= EXERCISE OBJECTIVE =
Repeat exactly the lines that run from the start of the records below to the line with "MuTu116015:1. Valvottu alue", including both of those lines but not the pictures.

= SOURCE DATA =
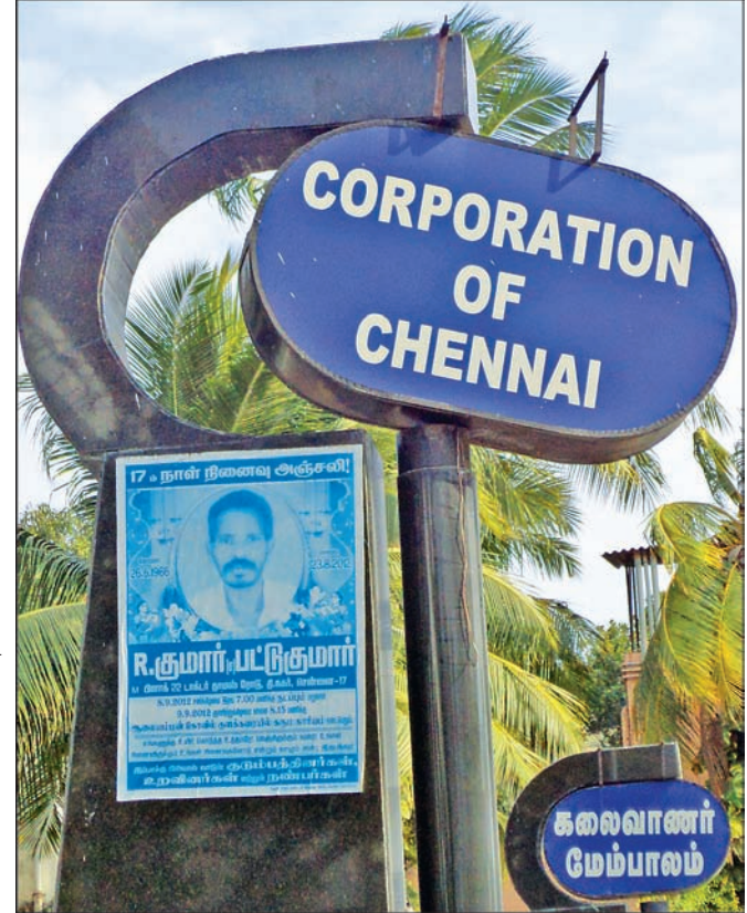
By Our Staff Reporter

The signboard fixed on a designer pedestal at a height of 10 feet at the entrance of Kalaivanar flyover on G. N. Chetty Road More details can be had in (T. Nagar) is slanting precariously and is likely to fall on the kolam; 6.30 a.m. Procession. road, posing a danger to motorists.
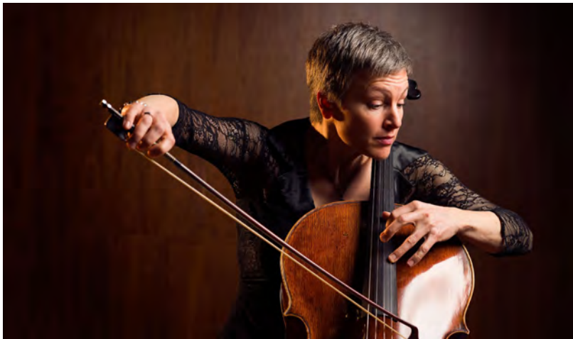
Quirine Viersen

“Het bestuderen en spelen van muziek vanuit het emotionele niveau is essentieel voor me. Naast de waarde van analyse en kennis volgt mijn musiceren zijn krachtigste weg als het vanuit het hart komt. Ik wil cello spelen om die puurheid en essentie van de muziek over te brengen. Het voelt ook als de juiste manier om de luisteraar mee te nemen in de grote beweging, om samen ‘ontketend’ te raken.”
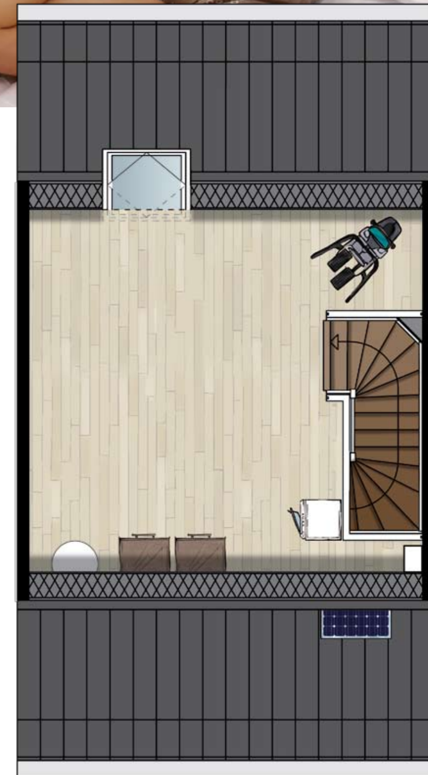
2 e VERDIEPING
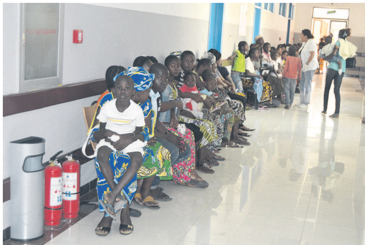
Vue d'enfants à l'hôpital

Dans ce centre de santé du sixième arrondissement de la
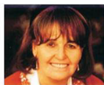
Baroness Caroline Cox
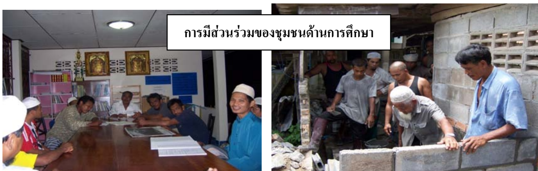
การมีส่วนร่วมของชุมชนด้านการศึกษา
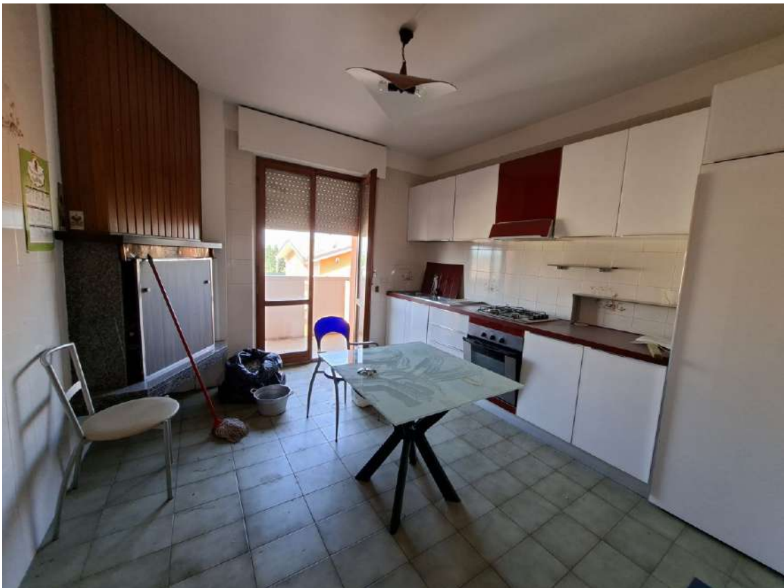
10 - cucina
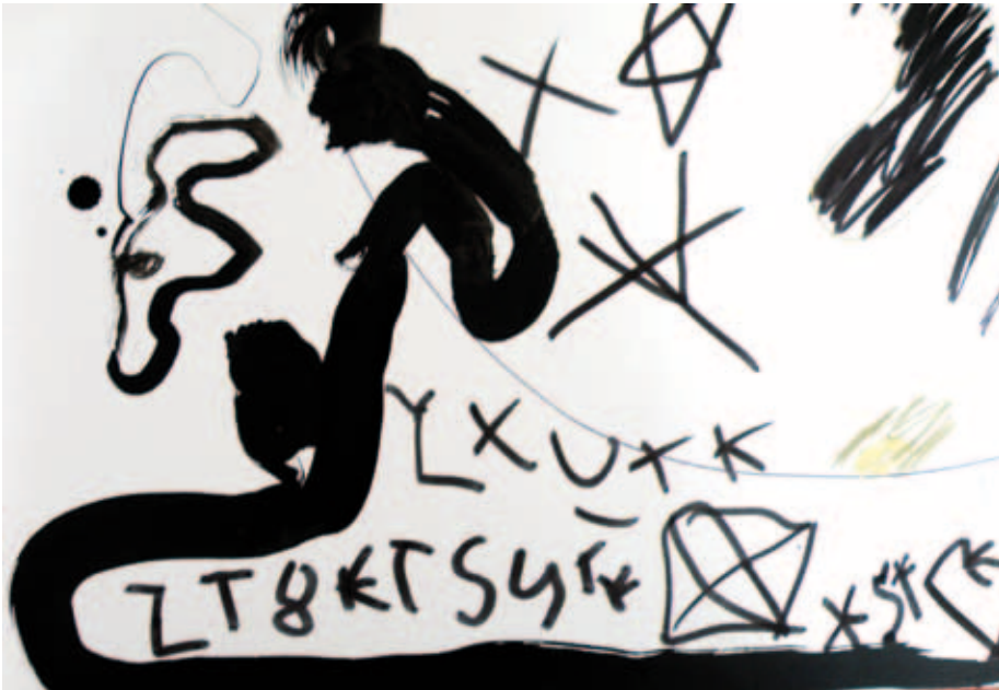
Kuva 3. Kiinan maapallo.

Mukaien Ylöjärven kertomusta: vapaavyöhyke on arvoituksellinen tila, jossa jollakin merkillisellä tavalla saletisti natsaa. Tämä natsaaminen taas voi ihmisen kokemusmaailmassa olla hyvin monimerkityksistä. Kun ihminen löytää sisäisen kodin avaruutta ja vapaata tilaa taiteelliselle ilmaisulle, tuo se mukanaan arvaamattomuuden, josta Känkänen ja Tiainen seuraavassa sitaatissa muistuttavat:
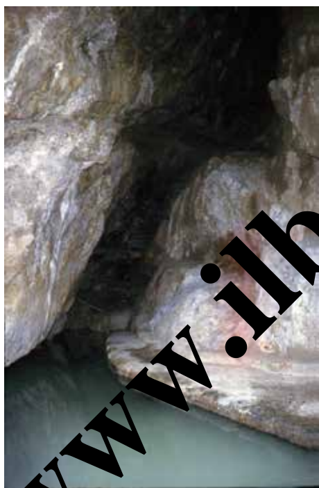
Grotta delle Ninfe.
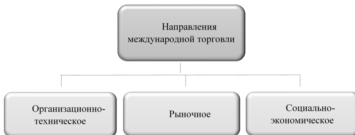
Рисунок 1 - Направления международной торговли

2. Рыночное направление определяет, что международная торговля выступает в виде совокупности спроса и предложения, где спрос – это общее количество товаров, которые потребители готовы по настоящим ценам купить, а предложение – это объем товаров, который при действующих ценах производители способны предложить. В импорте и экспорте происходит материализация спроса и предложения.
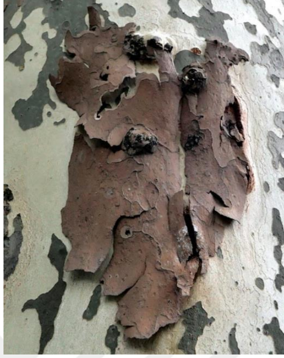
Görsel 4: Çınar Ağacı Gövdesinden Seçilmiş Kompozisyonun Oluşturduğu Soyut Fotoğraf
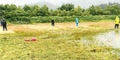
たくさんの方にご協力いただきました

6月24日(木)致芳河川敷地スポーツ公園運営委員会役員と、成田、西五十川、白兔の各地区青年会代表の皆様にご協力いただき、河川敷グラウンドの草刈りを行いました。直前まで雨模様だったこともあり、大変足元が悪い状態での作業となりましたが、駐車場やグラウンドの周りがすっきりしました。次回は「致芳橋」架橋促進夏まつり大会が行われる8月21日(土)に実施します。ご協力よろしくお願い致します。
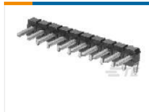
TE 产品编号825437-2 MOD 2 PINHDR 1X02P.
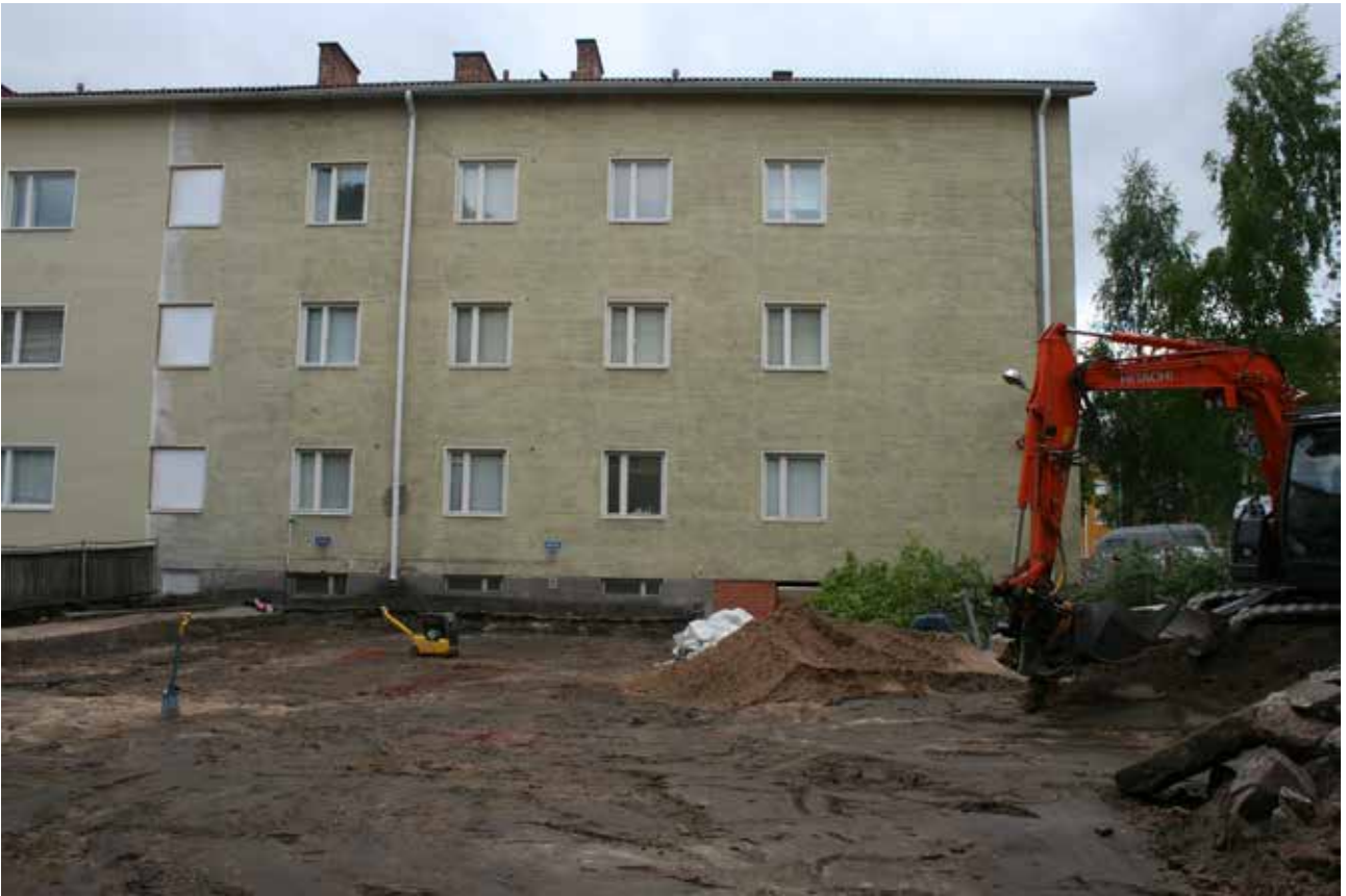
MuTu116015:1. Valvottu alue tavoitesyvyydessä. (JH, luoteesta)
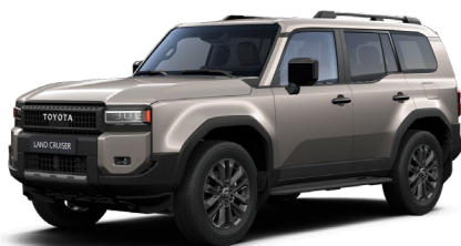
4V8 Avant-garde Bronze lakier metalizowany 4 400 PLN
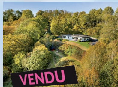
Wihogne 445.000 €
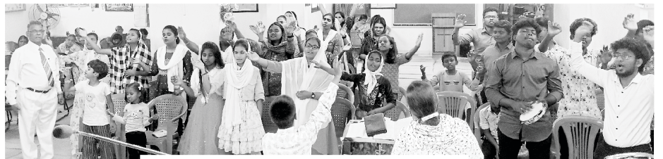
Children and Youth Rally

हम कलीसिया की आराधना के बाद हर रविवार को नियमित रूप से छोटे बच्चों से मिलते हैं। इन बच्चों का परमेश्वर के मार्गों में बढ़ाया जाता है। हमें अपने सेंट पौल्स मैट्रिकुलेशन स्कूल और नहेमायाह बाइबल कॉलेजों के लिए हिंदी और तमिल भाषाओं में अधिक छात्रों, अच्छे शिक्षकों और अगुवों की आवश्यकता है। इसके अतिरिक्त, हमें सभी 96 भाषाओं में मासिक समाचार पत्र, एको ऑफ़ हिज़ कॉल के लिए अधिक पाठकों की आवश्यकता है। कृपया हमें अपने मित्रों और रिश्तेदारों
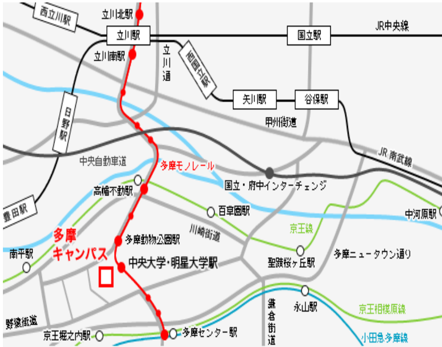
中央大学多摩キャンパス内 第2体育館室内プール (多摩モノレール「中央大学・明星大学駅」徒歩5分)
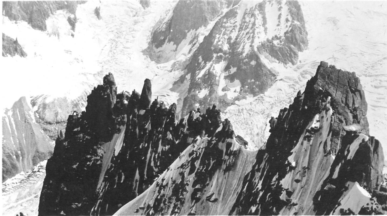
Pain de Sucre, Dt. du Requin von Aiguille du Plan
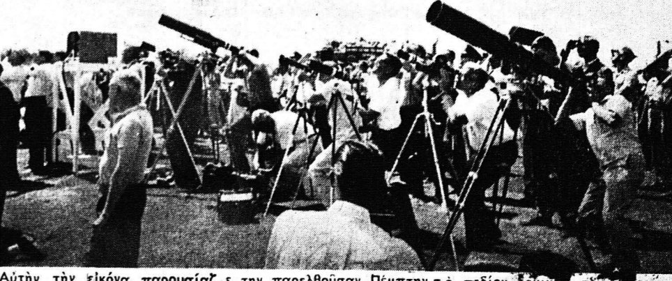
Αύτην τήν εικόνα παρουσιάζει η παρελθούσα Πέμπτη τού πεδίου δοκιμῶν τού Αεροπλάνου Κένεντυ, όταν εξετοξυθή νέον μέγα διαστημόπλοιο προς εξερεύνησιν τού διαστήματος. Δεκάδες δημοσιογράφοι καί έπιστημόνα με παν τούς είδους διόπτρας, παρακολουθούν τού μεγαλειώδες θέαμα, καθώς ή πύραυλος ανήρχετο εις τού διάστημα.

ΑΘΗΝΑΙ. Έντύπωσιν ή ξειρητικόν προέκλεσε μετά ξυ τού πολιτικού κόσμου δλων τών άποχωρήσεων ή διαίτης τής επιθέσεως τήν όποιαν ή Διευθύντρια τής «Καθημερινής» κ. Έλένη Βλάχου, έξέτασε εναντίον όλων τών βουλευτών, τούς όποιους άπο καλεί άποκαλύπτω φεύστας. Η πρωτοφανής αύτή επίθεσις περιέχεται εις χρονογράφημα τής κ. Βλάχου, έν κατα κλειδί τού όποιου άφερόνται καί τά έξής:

= RESPONSE AREA =
By Our Staff Reporter

The signboard fixed on a designer pedestal at a height of 10 feet at the entrance of Kalaivanar flyover on G. N. Chetty Road More details can be had in (T. Nagar) is slanting precariously and is likely to fall on the kolam; 6.30 a.m. Procession. road, posing a danger to motorists.
Quirine Viersen

“Het bestuderen en spelen van muziek vanuit het emotionele niveau is essentieel voor me. Naast de waarde van analyse en kennis volgt mijn musiceren zijn krachtigste weg als het vanuit het hart komt. Ik wil cello spelen om die puurheid en essentie van de muziek over te brengen. Het voelt ook als de juiste manier om de luisteraar mee te nemen in de grote beweging, om samen ‘ontketend’ te raken.”
2 e VERDIEPING
Vue d'enfants à l'hôpital

Dans ce centre de santé du sixième arrondissement de la
Baroness Caroline Cox
การมีส่วนร่วมของชุมชนด้านการศึกษา
10 - cucina
Kuva 3. Kiinan maapallo.

Mukaien Ylöjärven kertomusta: vapaavyöhyke on arvoituksellinen tila, jossa jollakin merkillisellä tavalla saletisti natsaa. Tämä natsaaminen taas voi ihmisen kokemusmaailmassa olla hyvin monimerkityksistä. Kun ihminen löytää sisäisen kodin avaruutta ja vapaata tilaa taiteelliselle ilmaisulle, tuo se mukanaan arvaamattomuuden, josta Känkänen ja Tiainen seuraavassa sitaatissa muistuttavat:
Grotta delle Ninfe.
Рисунок 1 - Направления международной торговли

2. Рыночное направление определяет, что международная торговля выступает в виде совокупности спроса и предложения, где спрос – это общее количество товаров, которые потребители готовы по настоящим ценам купить, а предложение – это объем товаров, который при действующих ценах производители способны предложить. В импорте и экспорте происходит материализация спроса и предложения.
Görsel 4: Çınar Ağacı Gövdesinden Seçilmiş Kompozisyonun Oluşturduğu Soyut Fotoğraf
たくさんの方にご協力いただきました

6月24日(木)致芳河川敷地スポーツ公園運営委員会役員と、成田、西五十川、白兔の各地区青年会代表の皆様にご協力いただき、河川敷グラウンドの草刈りを行いました。直前まで雨模様だったこともあり、大変足元が悪い状態での作業となりましたが、駐車場やグラウンドの周りがすっきりしました。次回は「致芳橋」架橋促進夏まつり大会が行われる8月21日(土)に実施します。ご協力よろしくお願い致します。
TE 产品编号825437-2 MOD 2 PINHDR 1X02P.
MuTu116015:1. Valvottu alue tavoitesyvyydessä. (JH, luoteesta)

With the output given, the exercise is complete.